Part of me feels somewhat guilty for not liking this record more than I do – it’s got all the leitmotifs that I generally warm to; riffs, keyboard solos, big harmonies, (you know the drill) – but I can’t get excited by any of this at all. Part of the problem is I can see the joins. The Great Divide is really well put together and nicely produced; it feels immediately warm and comfortable. It’s not unassuming or apologetic. There are plenty of proggy flourishes but it is the sum of its parts and nothing more and you can more or less see the joins and the musical narrative is fairly well telegraphed. This doesn’t mean that The Great Divide is indulgent, but it fails to rise above the merely adequate or the pleasant enough to be truly memorable and, after nearly a decade out of the limelight that can only count as a disappointing return.
File under close, but, definitely, no cigar.
5.0/10
MAT DAVIES
Profetus – As All Seasons Die
As All Seasons Die (Svart)…happy eh? This Finnish five piece, housing ex- and current members of Horna and Corpsessed, don’t come across as cheerful, and indeed theirs is the most funeral of doom.
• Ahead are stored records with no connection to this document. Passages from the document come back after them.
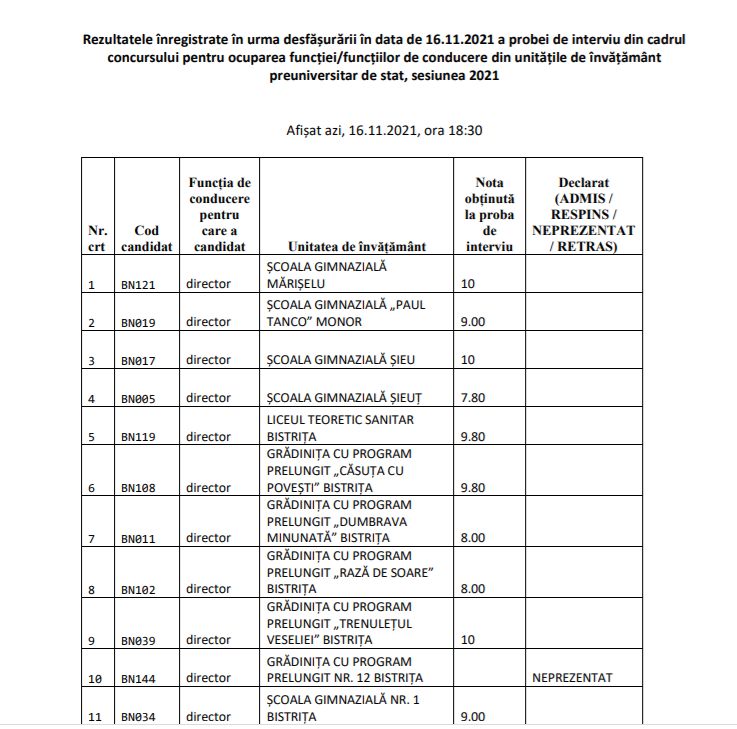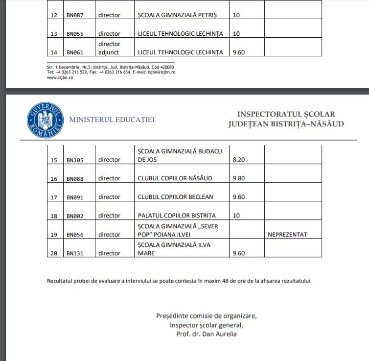 Inspectoratul Școlar Județean a afișat rezultatele după prima zi de interviuri, din cadrul concursului pentru posturile de directori de școli și directori adjuncți de școli din județul Bistrița-Năsăud. În prima zi, 20 de candidați trebuiau să susțină interviul, iar doi nu s-au prezentat. Șase dintre candidați au obținut note maxime, 10.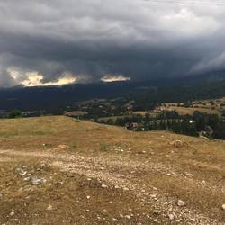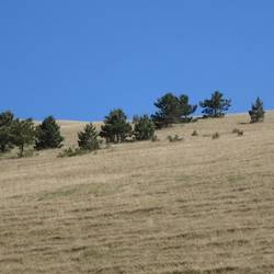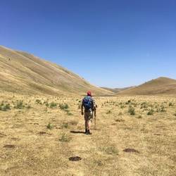Menschen haben wir keine getroffen, aber dafür hat uns ein gutes Stück ein Wolf begleitet. Er hielt Abstand: Wir unten in einer weiten Schlucht, er oben am Hang. Sein Rudel entdeckten wir nicht. Er war wohl die Vorhut. Irgendwann war er dann auch verschwunden oder wir sahen ihn einfach nicht mehr.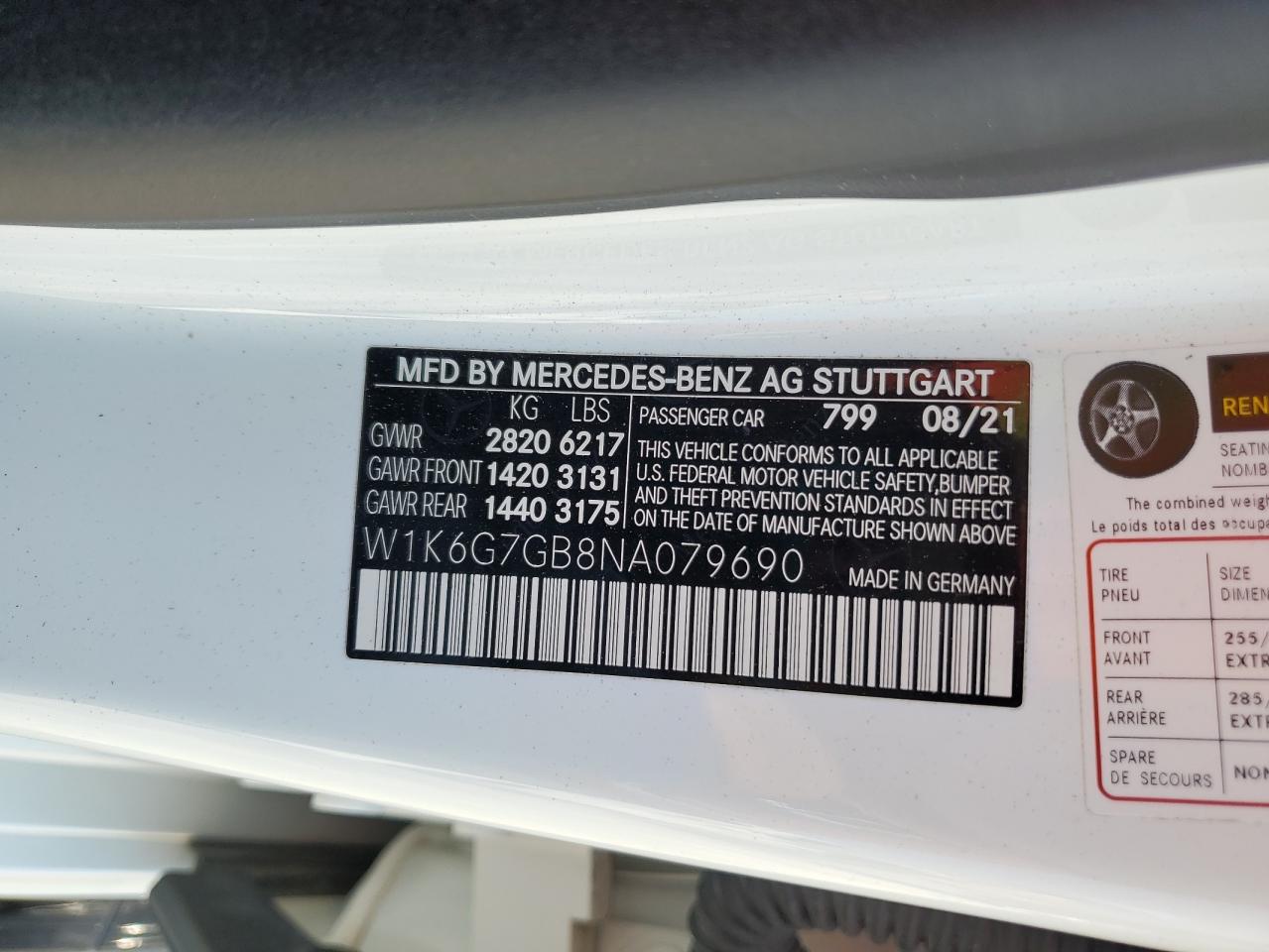 2022 MERCEDES-BENZ S-CLASS | W1K6G7GB8NA079690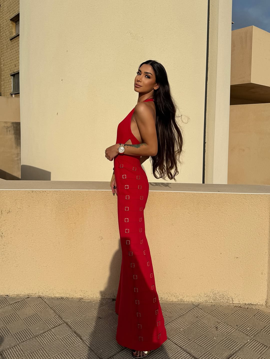 في أحدث إطلالاتها، لفتت تيا الأنظار بجمبسوت أحمر من تصميمها، جمع بين القصّة الجريئة بفتحة صدر عميقة والتفاصيل المعدنية المربّعة على البنطال الواسع بأسلوب عصري. التصميم يعكس جرأتها في ابتكار أزياء تعبّر عن شخصيتها وروح جيل زد، حيث توازن بين الأنوثة القوية والحس الإبداعي. اللون الأحمر الناري زاد الإطلالة قوة وحضور، بينما حافظت على بساطة الأكسسوارات مع حقيبة صغيرة بيج لخلق تباين أنيق.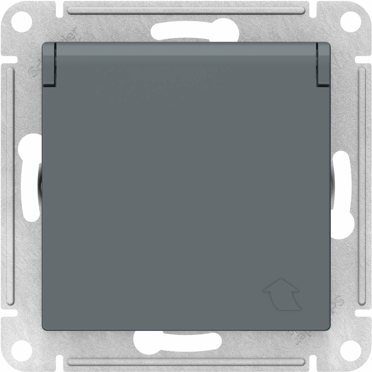 Механизм Atlas Design ATN000746 розетки "евро" со шторками с крышкой IP20 с/п грифель Schneider Elecric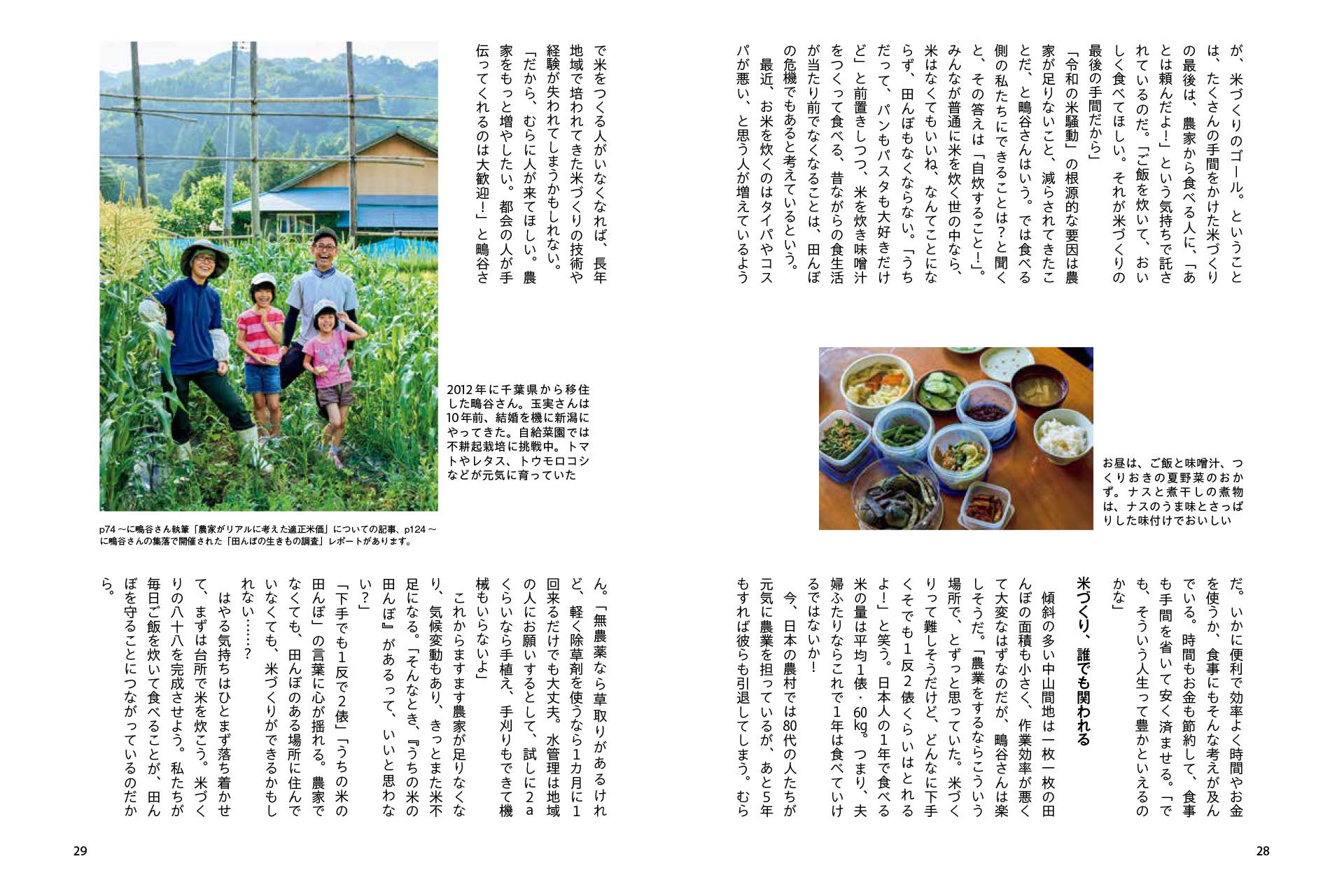 そんな編集部の想いに、「ここは一肌脱がねば」と結集してくれたのが、20名を超える農家・農業関係者。この本には、大規模な農家・小規模な農家、平坦地の農家・中山間地の農家、慣行栽培の農家・無農薬栽培の農家など、規模も環境も栽培方法もまったく違うさまざまな農家のリアルな本音が詰まっています。ジャーナリストや研究者にも、田んぼやお米の未来を一緒に考えてもらいました。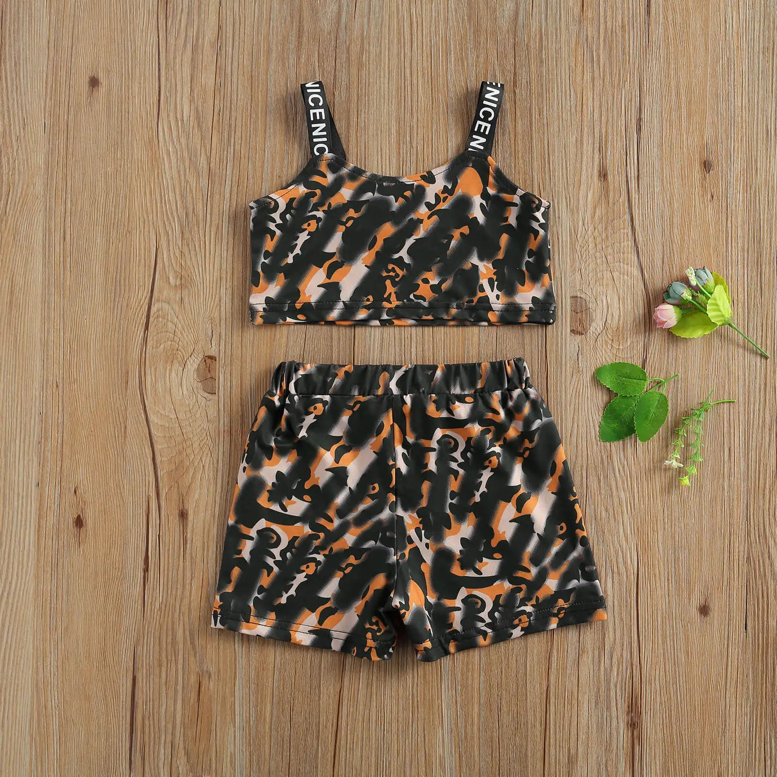 Леопардовый узор; Летняя одежда с буквенным принтом и эластичной резинкой на талии
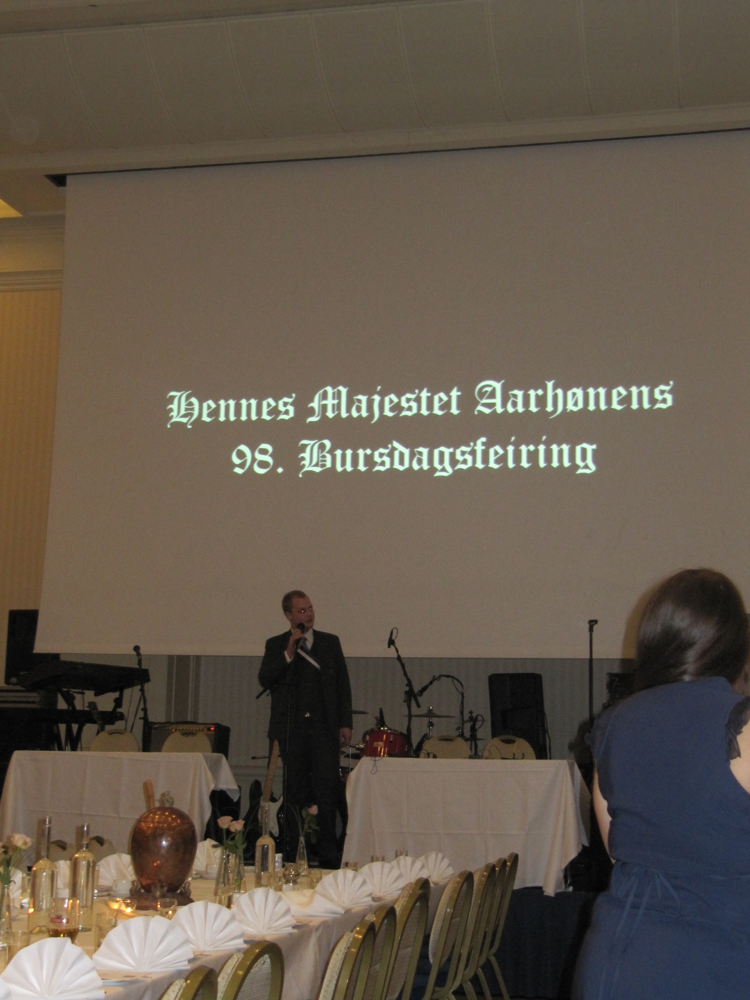 Hennes Majestet Aarhønen er linjeforeningen til de som går bygg- og miljøteknikk (bedre kjent som bygg) på NTNU. Hvert år feirer de Hennes Majestets bursdag med galla. Det er også her hvor promosjoner og daljeutdelinger skjer. Jeg fikk liv til å være med Helge, en kompis, på bursdagsfest sist helg.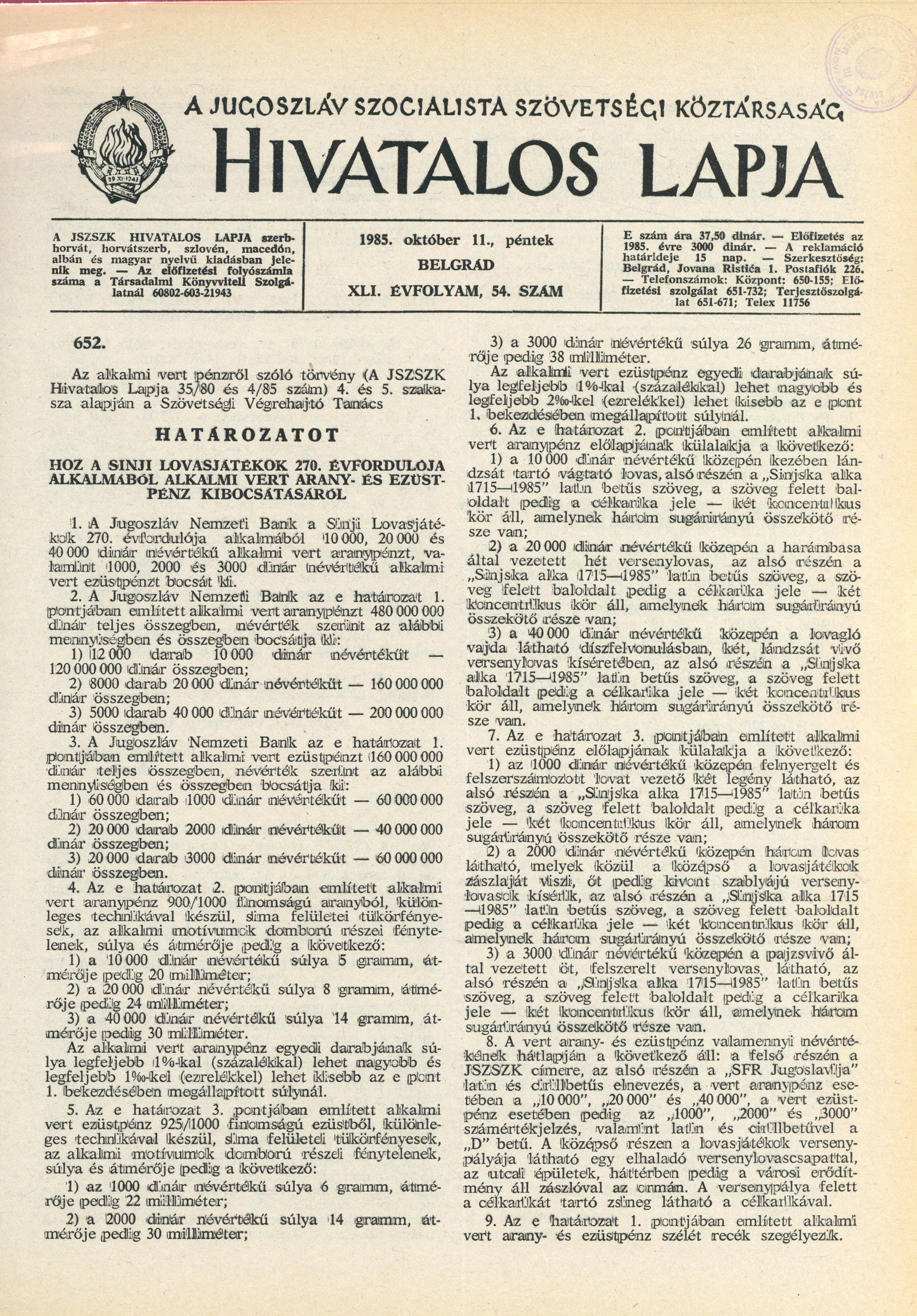 A Jugoszláv Szocialista Szövetségi Köztársaság Hivatalos Lapja, 41. évf. 1985. október 11. 54. sz. 1449–1468. oldal

Orchestral keys at a snail’s pace accompany the sparse yet crushing riff and drums of ‘A Reverie (Midsummer’s Dying Throes)’, the flattening qualities of the bridges when everything collides together, both awe-striking and ominous, Anssi Mäkinen‘s voice a crawling, seeping growl to terrify the hardiest soul. It is tolling and metronomic with an affecting organ solo a striking, mournful interlude which lingers and carries a titanic beat and riff, that builds the drama, the emotion and the oppression, yet never changing pace. It’s impossible to convey just how staggeringly effective this is, which is remarkable when you consider that there are periods when it seems as if nothing happens.
The reverberating chant of ‘Dead Are Our Leaves of Autumn’, delivered as if from God on high, is so gentle yet resonant as to caress the mind whilst cracking you in the face. Mäkinen’s doleful tones induce paradoxical feelings of misery and euphoria whilst initially understated lead work soon becomes the centrepiece escalating to stunningly emotive levels, imitating gulls on a barren shore à la Marillion’s Steve Rothery. It is an exercise in precision and control, yet feels as organic as the Yorkshire moors – harsh, desolate, yet staggeringly beautiful.
As the life cycle ends with the tolling, effortless yet pounding closer ‘The Dire Womb of Winter’, creeping with the speed and stealth of a hunting cat, it really does echo the seasonal despair’; portentous, weighty, and shudderingly affecting despite the occasionally soporific pace. A spearing riff shoots forth at intervals to prevent sleep, and replace the weight in slow motion. Yet when the keys begin to build to the crescendo there’s the slightest quickening, a lifting of mood. A rebirth…?
The disaffected listener who craves more action, the quick hit, is already dead inside. The clue is in the description: life affirming whilst lamenting the sadness of it, this is another winner from Svart.